Update, 25 August 2008: The Age article here. The Department has paid the lawyer $360,000 in sick pay.
Update, 20 July 2008: Canberra Times article here. The Department of Defence has admitted breaching its own procedures when, through the agency of the solicitor, who’s still on sickleave, it awarded lucrative contracts to firms with which the lawyer had past associations.
Update: 31 May 2007: latest Age article here. She’s still on paid sick leave.
Update: 14 July 2007: latest Age article here.
Update: 10 April 2007: latest Age article here.

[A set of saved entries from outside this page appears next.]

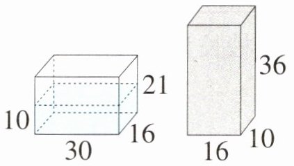 拓展训练营 如图,一个从里面量长、宽、高分别为30cm、16cm、21cm的长方体容器中水面高度是10cm,如果将一个长方体铁块(长、宽、高分别为16cm、10cm、36cm)竖直放入容器中(贴底面齐平),那么这个容器中的水会溢出吗? 如果不会溢出,那么容器中的水面高度是多少? 如果会溢出,那么会溢出多少立方厘米水?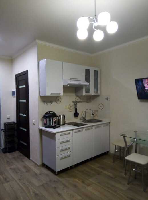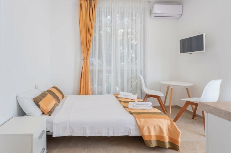 Светлые небольшие апартаменты с эркером. В апартаментах полноценная кухня. Спальное место - удобная раскладная еврокровать. Номер оборудован кондиционером, набором посуды, текстиля, полотенец, стиральной машиной.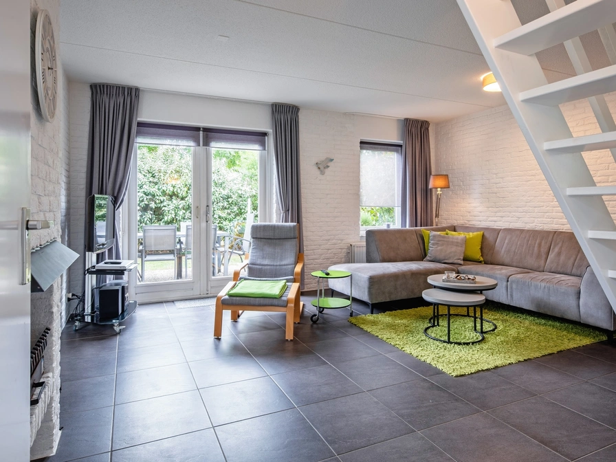 Entree. Je stapt binnen in een gezellige woonkamer met een comfortabele zithoek met tv en een ruime eethoek. De open keuken is volledig uitgerust met een vaatwasser, magnetron, koelkast en koffiezetapparaat. Op de begane grond bevindt zich een slaapkamer met twee eenpersoonsbedden en een badkamer met douche, wastafel en toilet. Op de bovenverdieping liggen nog twee slaapkamers, beide voorzien van twee eenpersoonsbedden. Buiten geniet je van een ruime tuin met patio, compleet met tuinmeubilair om heerlijk te ontspannen.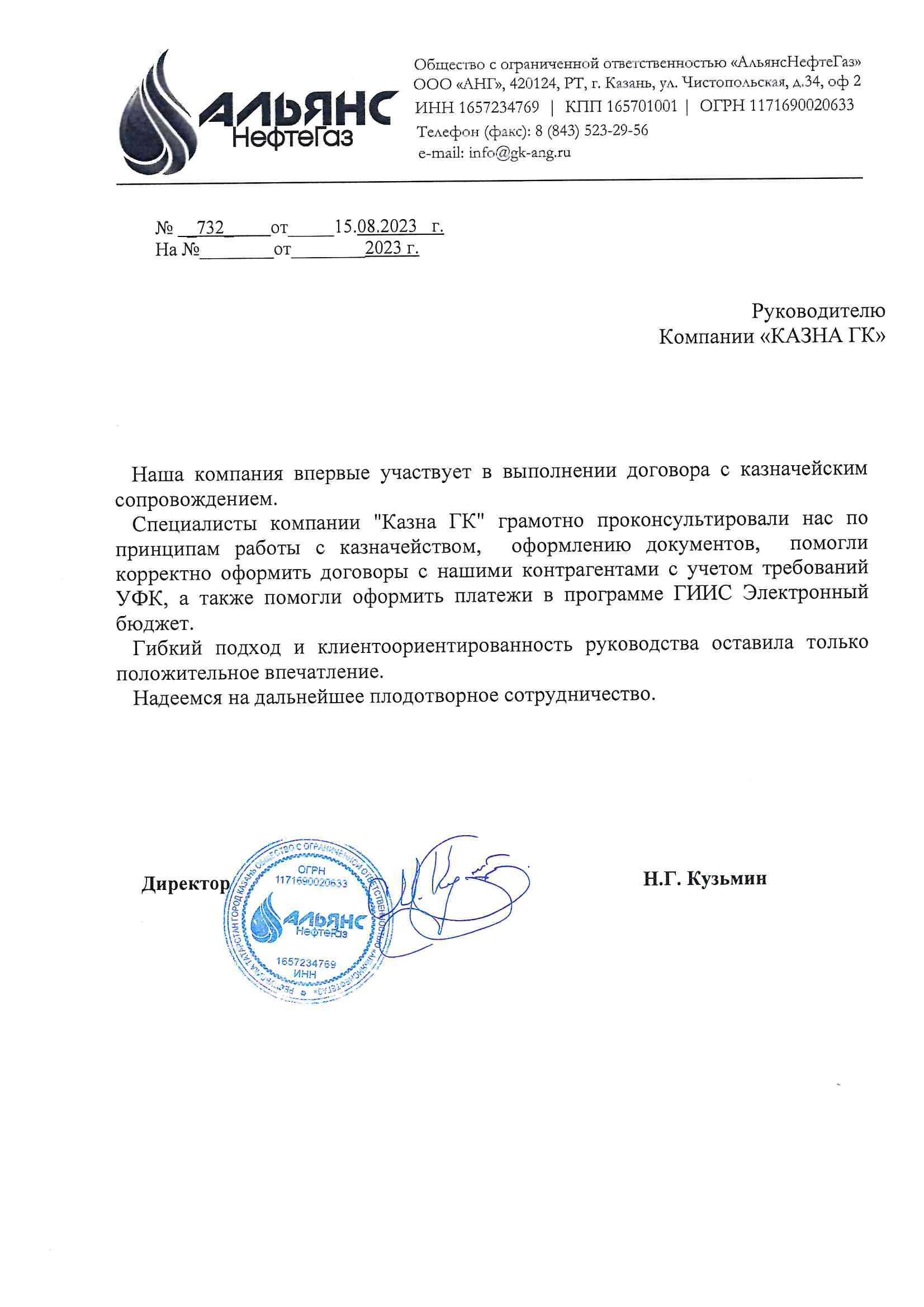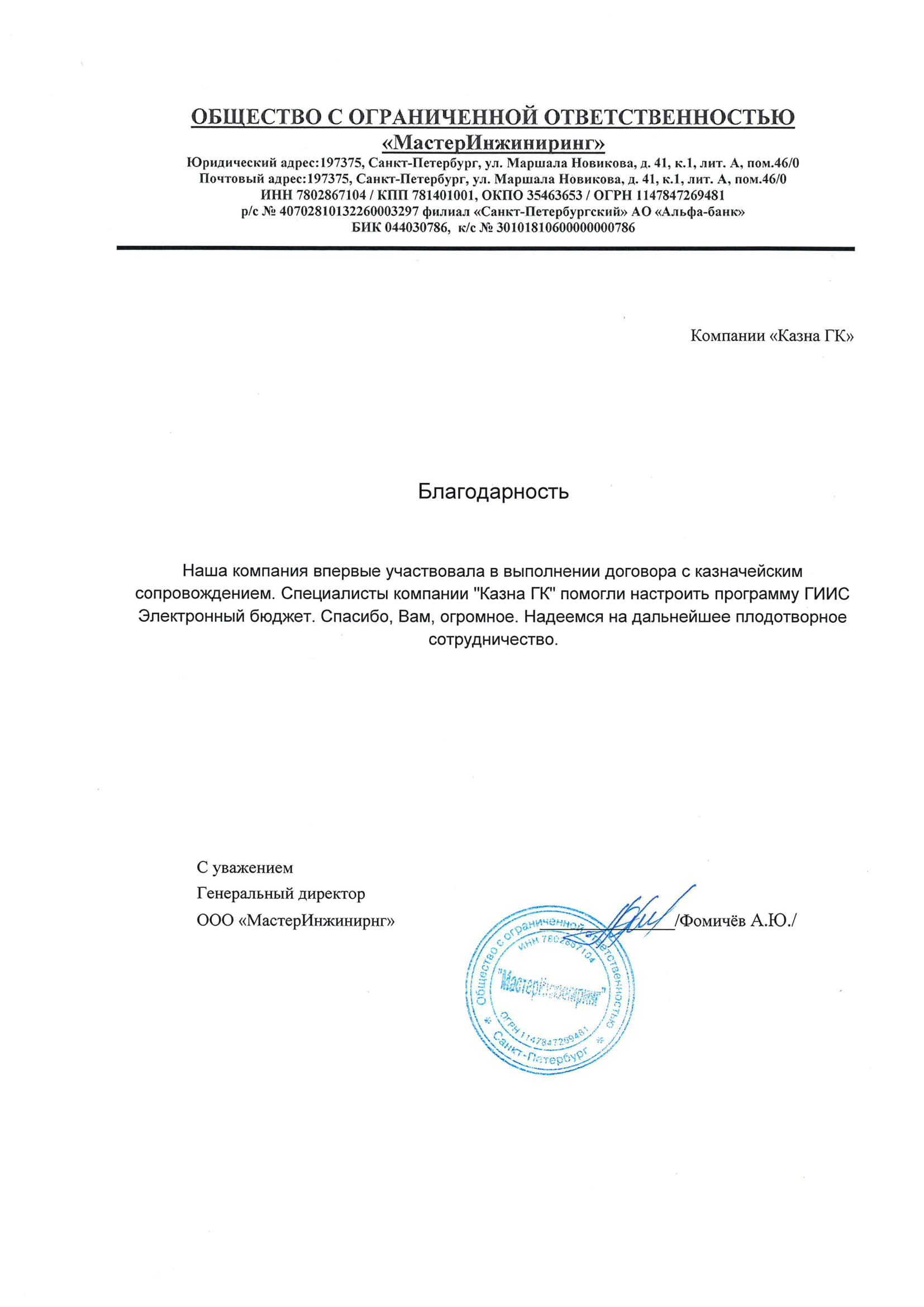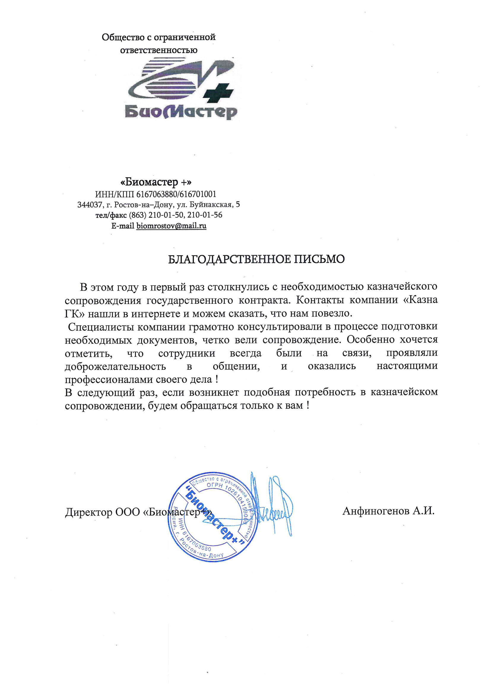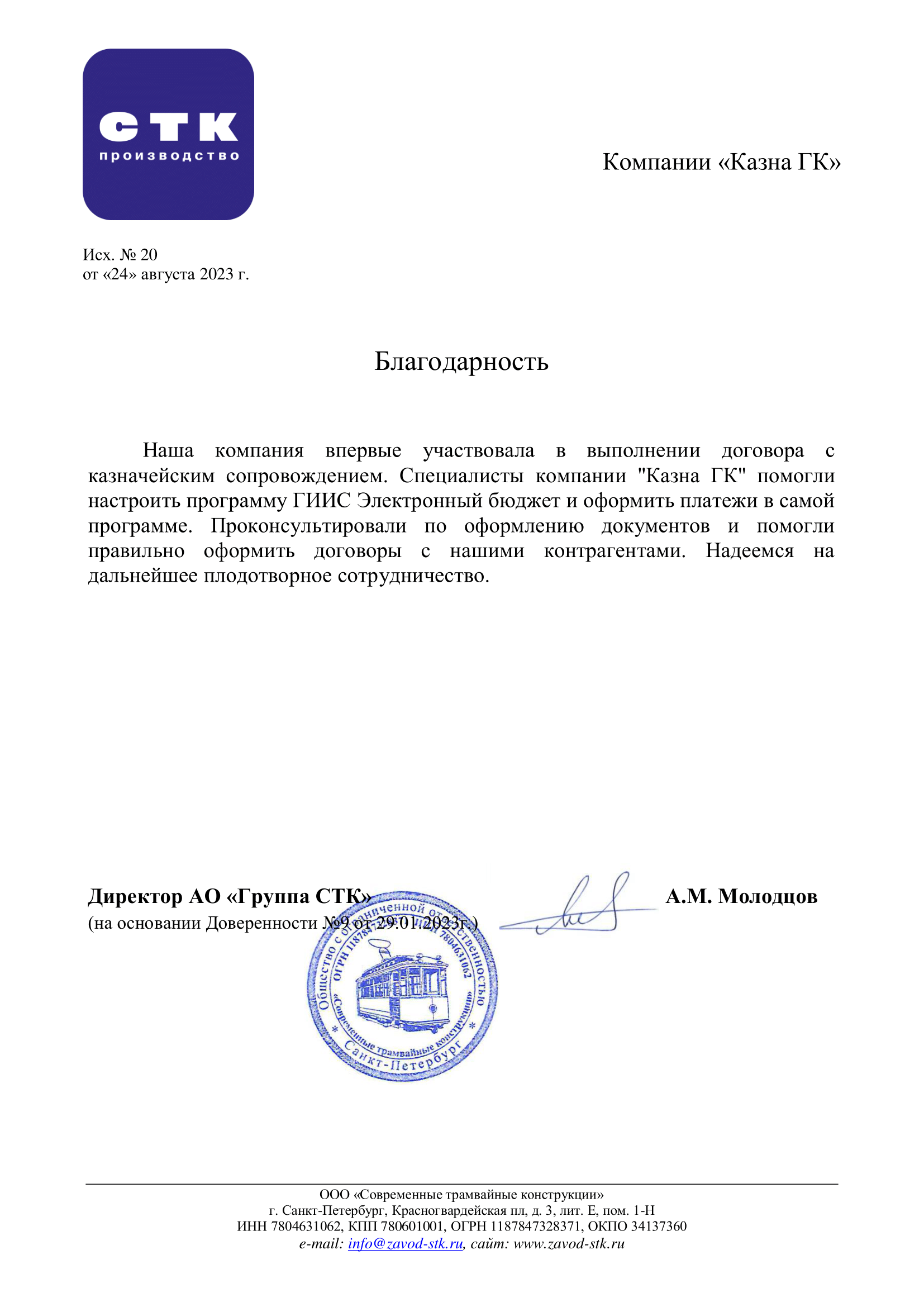 Настоящим, хотим выразить огромную благодарность Вашей компании «Казна ГК» за оказанную помощь в работе по казначейскому…

Original post: A Department of Defence lawyer — legal counsel to the Defence Materiel Organsiation which has an annual expenditure of $9 billion — is on extended sick leave after scrutiny focused on her contracts with a megafirm where she is believed to have worked in a past life. The firm had $3.5 million of the Department of Defence / DMO work in 2005 and 2006 “without competition” according to The Age, up from $20,000 in 2004, the year of her October appointment as DMO general counsel.
Her bit of the DMO awarded $860,000 worth of contracts to another firm in the US — Shaw Pittman — without tender despite an adverse auditor-general’s inquiry into the earlier tender process for advice on the Federal Government’s privatisation of IT services won by Shaw Pittman despite its price being almost half as much again as its closest competitor. According to The Age, that cost the taxpayer no less than $16 million. The whole affair is summarised here (from p. 36 onwards).
The woman’s role was “reallocated” in September last year so as no longer to include “management of legal, procurement and financial investigation services”.